The One Thing Fans Hate Most About Costco's Food Court Ice Cream
If someone with a sweet tooth were to rank every item at the Costco food court, the ice cream would probably make it to the top of the list. It's a great deal in the U.S.: $1.99 for a 16 oz cup of ice cream with the option to upgrade to a sundae with flavored syrup for just $.50 more. And though for now Costco only offers simple vanilla ice cream as the base (though it's supposedly testing out new food court ice cream flavors), one huge complaint some Costco shoppers have about the warehouse store's frozen treat doesn't have to do with the limited selection. It's all about how the ice cream is served.
One Canadian TikTok user posted a video captioned "POV: you want to eat your ice cream right away but they give you this gag worthy wooden spoon." It turns out that in some Canadian and Australian Costco stores — and some locations in the U.S. like San Francisco — customers in the food court are given wooden spoons instead of plastic ones. This is most likely for environmental reasons, but even so, not everyone is a fan. The TikTok video in question got more than 1 million views and has nearly 1,000 comments of people mostly standing in solidarity with the original poster's hatred of wooden utensils.

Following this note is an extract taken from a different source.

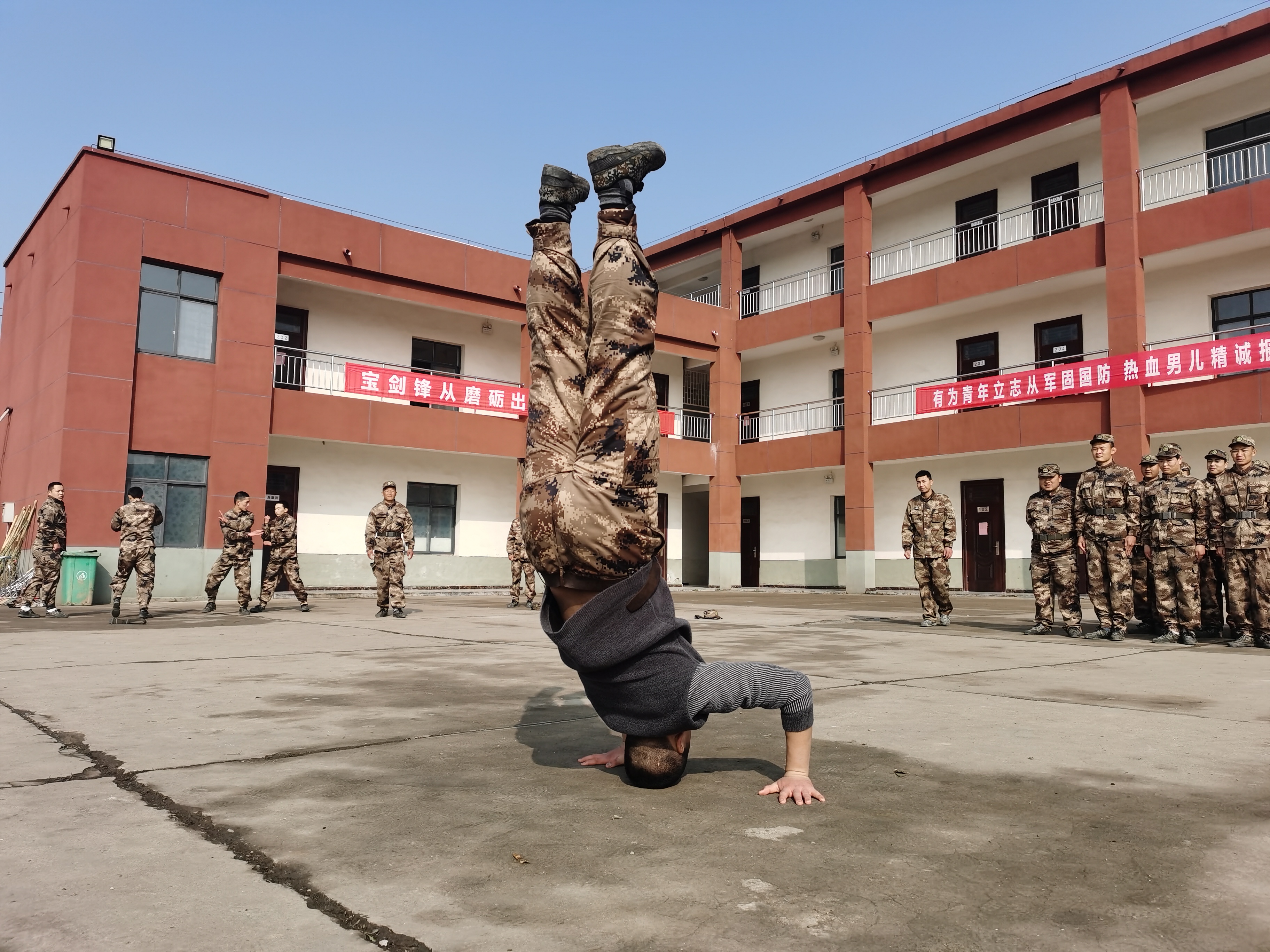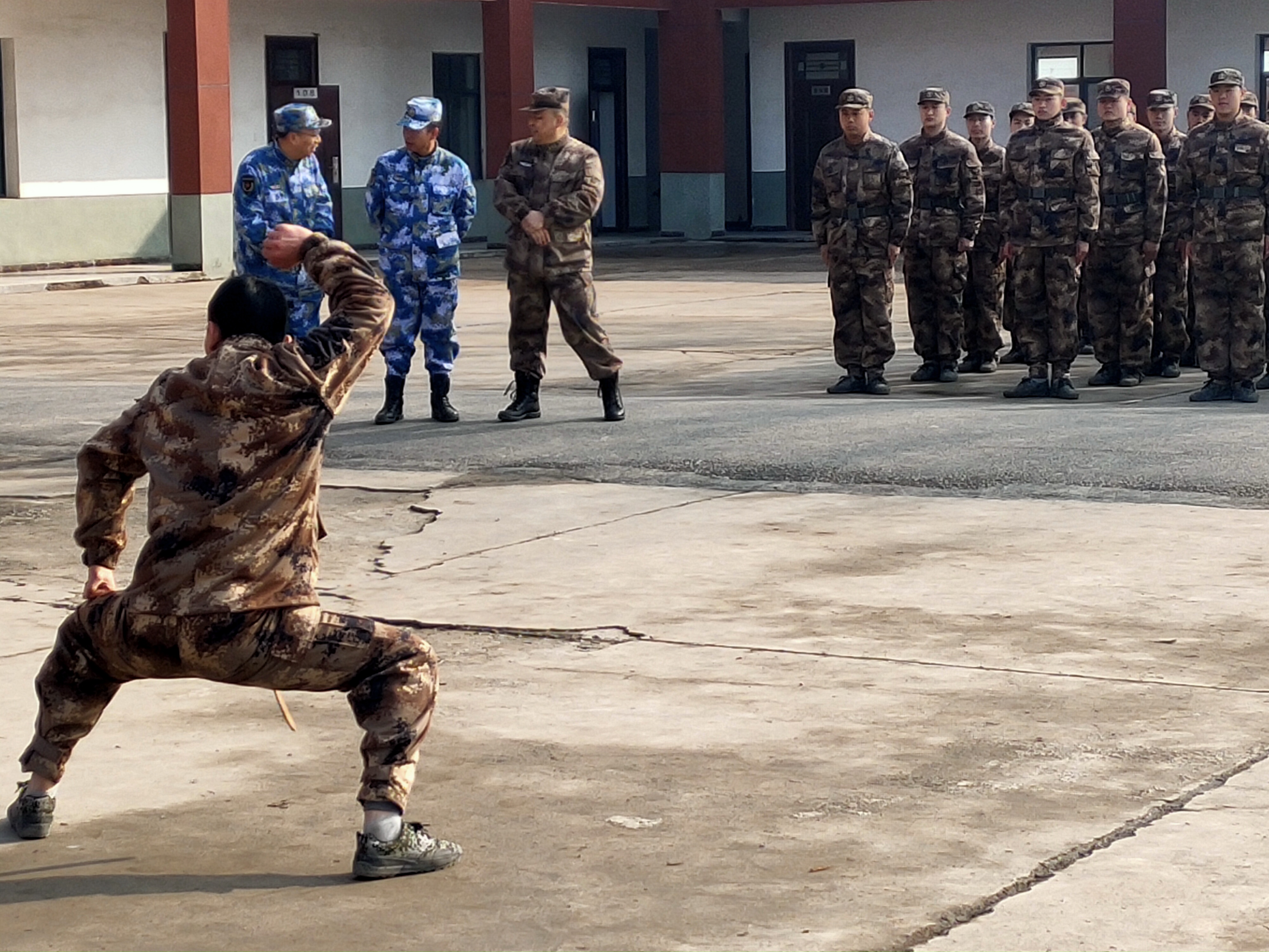 “報告首長,我叫趙三朋,畢業(yè)于武漢體育學(xué)院,武術(shù)套路、散打和兵器專業(yè)?!痹趹?zhàn)友們的歡呼聲中,趙三朋主動請纓表演了一套傳統(tǒng)武術(shù)套路,只見他一招一式行云流水、虎虎生威 ,前后空翻嫻熟到位、收放自如,迎得戰(zhàn)友們陣陣喝彩聲,湯維政也禁不住連聲稱贊。

Wooden utensils are polarizing
What's so bad about trying to eat Costco's food court ice cream with a wooden spoon? According to many customers replying to the viral TikTok video, a lot. "I'd literally genuinely rather eat my own shoe that put a cold wooden spoon near my teeth," shared one commenter, while another gave an unconventional tip for the haters. "I soak the spoon in my mouth first, to get the taste out." You do you, creative customer.
Others shared that they don't mind the wooden spoons at the Costco food court, and some even professed to love them. "I love the taste of wooden spoons," shared one commenter, while another said, "they're fun to chew." Why do some people love this utensil style while others hate it? The tongue is an extremely sensitive organ, one that can even discern particle sizes in the foods we eat, which is part of why texture can determine if we like a food or not (for instance, preferring creamy mashed potatoes to grainy or gloppy mashed potatoes). But people have their own preferences, which is why to some, eating with a wooden spoon is "nails on a chalkboard" (via Reddit), while to others, they "taste and feel so good."
There's one tasty way to avoid the spoon debacle altogether. This Costco churro ice cream hack is what food court dreams are made of, because at the end of the day, it's hard to argue with using a churro to eat ice cream instead of a spoon.